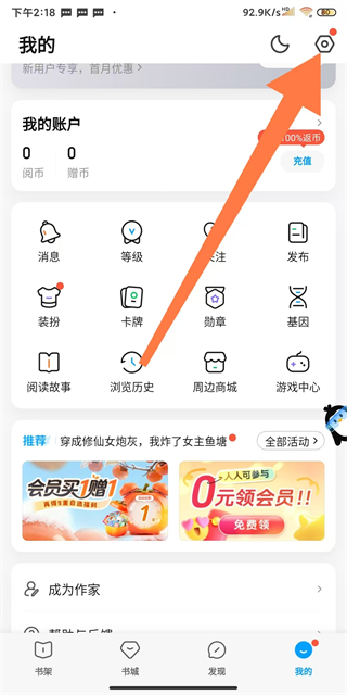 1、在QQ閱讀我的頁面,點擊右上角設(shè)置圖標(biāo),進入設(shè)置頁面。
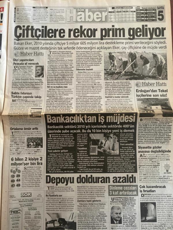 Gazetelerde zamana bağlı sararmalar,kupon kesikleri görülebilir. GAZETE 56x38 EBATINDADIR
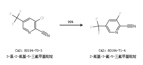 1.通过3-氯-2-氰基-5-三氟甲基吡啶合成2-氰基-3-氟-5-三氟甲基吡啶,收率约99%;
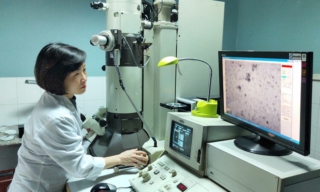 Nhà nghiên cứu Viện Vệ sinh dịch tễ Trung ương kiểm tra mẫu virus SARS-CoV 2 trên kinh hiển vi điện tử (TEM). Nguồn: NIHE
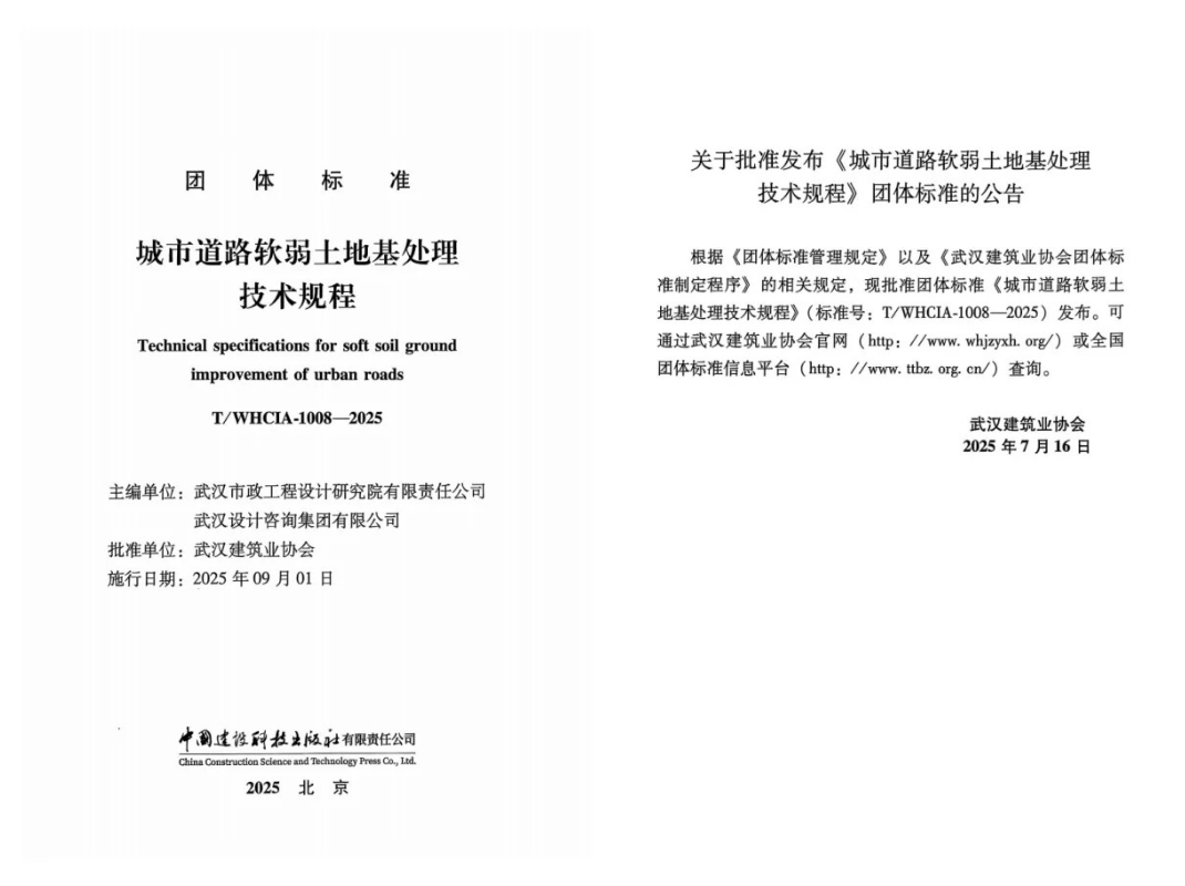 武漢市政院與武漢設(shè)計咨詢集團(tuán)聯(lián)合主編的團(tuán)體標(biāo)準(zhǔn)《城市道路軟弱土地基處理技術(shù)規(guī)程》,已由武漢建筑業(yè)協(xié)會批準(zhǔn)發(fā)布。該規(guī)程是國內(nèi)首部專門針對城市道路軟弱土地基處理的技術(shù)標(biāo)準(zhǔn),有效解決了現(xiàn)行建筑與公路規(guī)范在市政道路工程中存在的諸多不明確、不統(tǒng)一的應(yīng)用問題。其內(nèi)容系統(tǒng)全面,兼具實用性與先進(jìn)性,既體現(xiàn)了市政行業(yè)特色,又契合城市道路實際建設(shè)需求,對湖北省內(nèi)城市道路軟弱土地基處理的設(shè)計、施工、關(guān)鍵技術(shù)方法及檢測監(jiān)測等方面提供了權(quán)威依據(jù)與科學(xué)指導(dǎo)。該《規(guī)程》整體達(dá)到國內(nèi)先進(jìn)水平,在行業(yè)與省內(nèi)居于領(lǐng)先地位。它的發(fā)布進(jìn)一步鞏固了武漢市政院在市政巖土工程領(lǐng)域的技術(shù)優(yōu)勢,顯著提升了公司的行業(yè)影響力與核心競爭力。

EXERCISE DETAILS: Set down the data above exactly as written. Omit the pictures.

RESULT FOR THIS EXERCISE:
 1、在QQ閱讀我的頁面,點擊右上角設(shè)置圖標(biāo),進入設(shè)置頁面。
 Gazetelerde zamana bağlı sararmalar,kupon kesikleri görülebilir. GAZETE 56x38 EBATINDADIR
 1.通过3-氯-2-氰基-5-三氟甲基吡啶合成2-氰基-3-氟-5-三氟甲基吡啶,收率约99%;
 Nhà nghiên cứu Viện Vệ sinh dịch tễ Trung ương kiểm tra mẫu virus SARS-CoV 2 trên kinh hiển vi điện tử (TEM). Nguồn: NIHE
 武漢市政院與武漢設(shè)計咨詢集團(tuán)聯(lián)合主編的團(tuán)體標(biāo)準(zhǔn)《城市道路軟弱土地基處理技術(shù)規(guī)程》,已由武漢建筑業(yè)協(xié)會批準(zhǔn)發(fā)布。該規(guī)程是國內(nèi)首部專門針對城市道路軟弱土地基處理的技術(shù)標(biāo)準(zhǔn),有效解決了現(xiàn)行建筑與公路規(guī)范在市政道路工程中存在的諸多不明確、不統(tǒng)一的應(yīng)用問題。其內(nèi)容系統(tǒng)全面,兼具實用性與先進(jìn)性,既體現(xiàn)了市政行業(yè)特色,又契合城市道路實際建設(shè)需求,對湖北省內(nèi)城市道路軟弱土地基處理的設(shè)計、施工、關(guān)鍵技術(shù)方法及檢測監(jiān)測等方面提供了權(quán)威依據(jù)與科學(xué)指導(dǎo)。該《規(guī)程》整體達(dá)到國內(nèi)先進(jìn)水平,在行業(yè)與省內(nèi)居于領(lǐng)先地位。它的發(fā)布進(jìn)一步鞏固了武漢市政院在市政巖土工程領(lǐng)域的技術(shù)優(yōu)勢,顯著提升了公司的行業(yè)影響力與核心競爭力。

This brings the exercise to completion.